### Dataset content
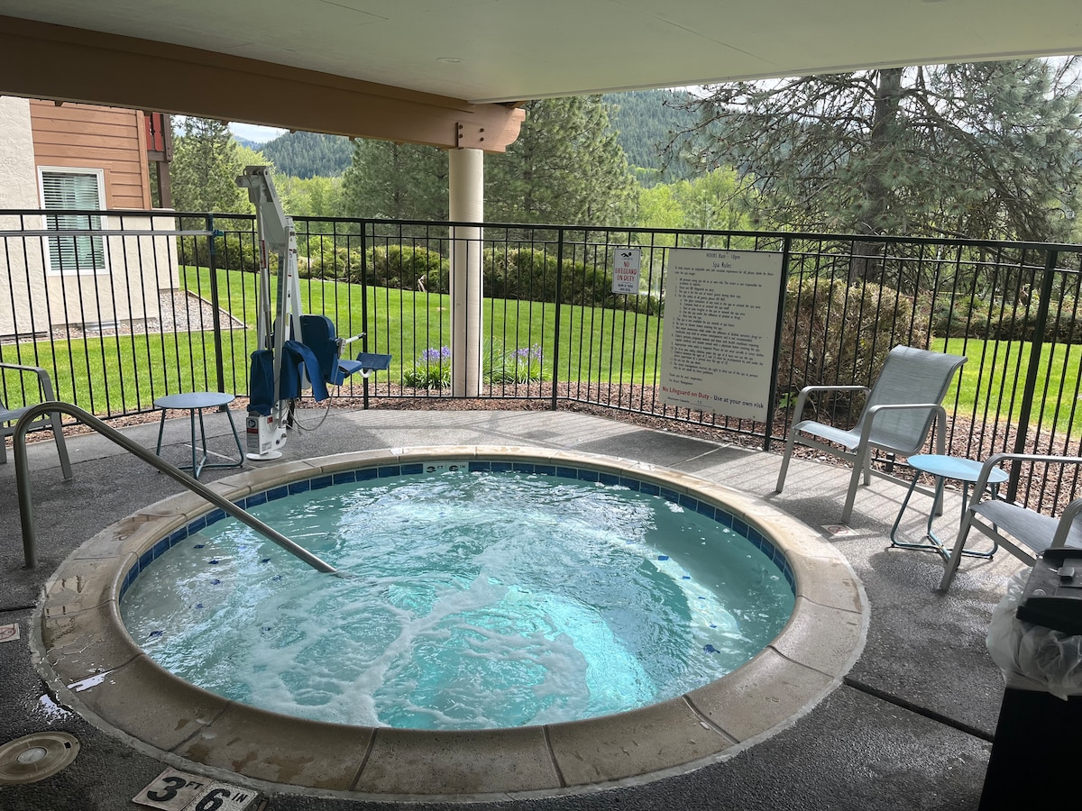 Ven y disfruta de cualquier estación en Leavenworth Te sentirás como en casa tan pronto como entres en nuestro espacioso, limpio y moderno apartamento con vistas al hoyo 14 del campo de golf. Disfruta de 2 piscinas + piscina para niños pequeños (las piscinas están abiertas dependiendo del clima invernal), 3 jacuzzis están abiertos para uso de los huéspedes, vistas y un fácil paseo hasta el pueblo de Leavenworth para pasear, ir de compras y cenar. La ventaja es poder aparcar en la cochera y caminar hasta la calle principal, ya que aparcar puede ser un desafío en los días más concurridos.
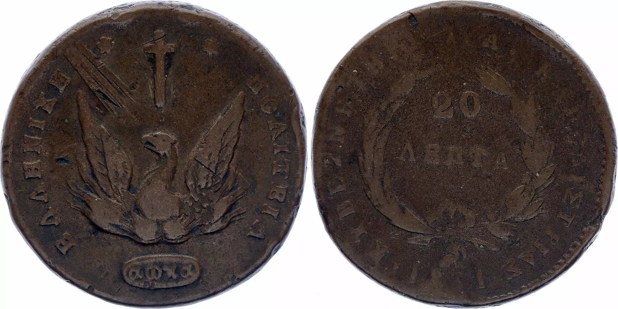 Home > World Coins > European Currencies > Greece > Greece 20 Lepta Phenix - 1831
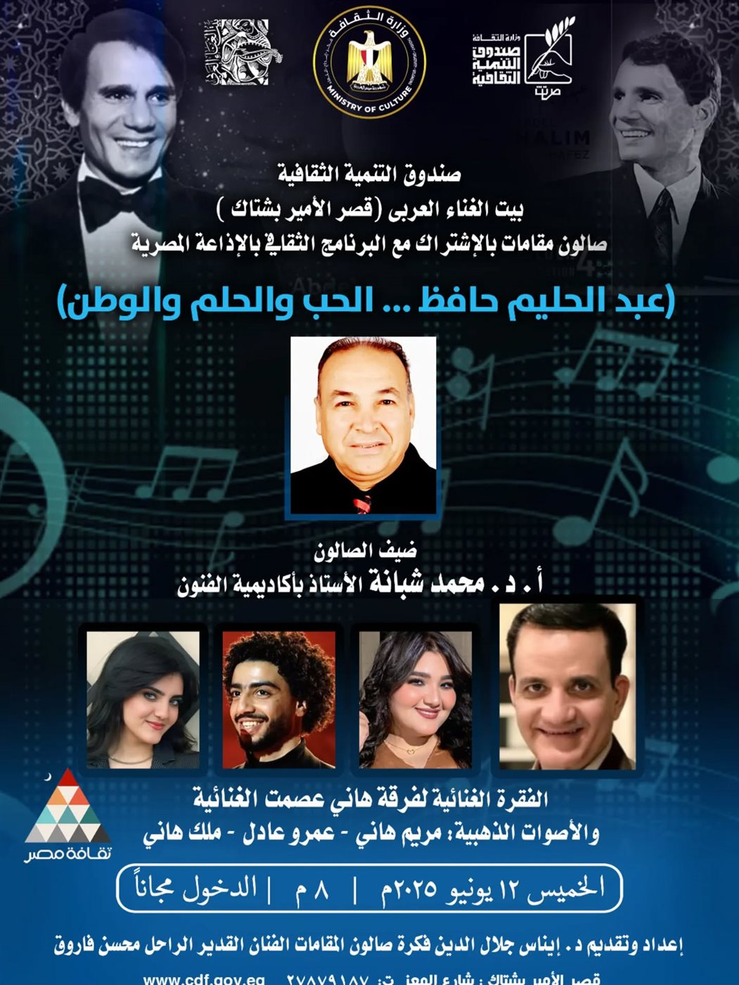 يقيم بيت الغناء العربي بقصر الأمير بشتاك بشارع المعز، في إطار الأنشطة الفنية التى ينظمها قطاع صندوق التنمية الثقافية برئاسة المعماري حمدي السطوحي، والتي تهدف إلى دعم الفنون التراثية وإحياء ذاكرة الغناء المصري الأصيل، أمسية جديدة من أمسيات صالون (مقامات) بالاشتراك مع البرنامج الثقافي بالإذاعة المصرية، بعنوان (عبد الحليم حافظ... الحب والحلم والوطن) وذلك في الثامنة مساء غدًا الخميس 12 يونيو.
######
Task goal: Nothing but the lines from the line with "Home > World" through the last line of the listing should be copied, exactly and with both ends kept. Leave pictures out.

Answer:
 Home > World Coins > European Currencies > Greece > Greece 20 Lepta Phenix - 1831
 يقيم بيت الغناء العربي بقصر الأمير بشتاك بشارع المعز، في إطار الأنشطة الفنية التى ينظمها قطاع صندوق التنمية الثقافية برئاسة المعماري حمدي السطوحي، والتي تهدف إلى دعم الفنون التراثية وإحياء ذاكرة الغناء المصري الأصيل، أمسية جديدة من أمسيات صالون (مقامات) بالاشتراك مع البرنامج الثقافي بالإذاعة المصرية، بعنوان (عبد الحليم حافظ... الحب والحلم والوطن) وذلك في الثامنة مساء غدًا الخميس 12 يونيو.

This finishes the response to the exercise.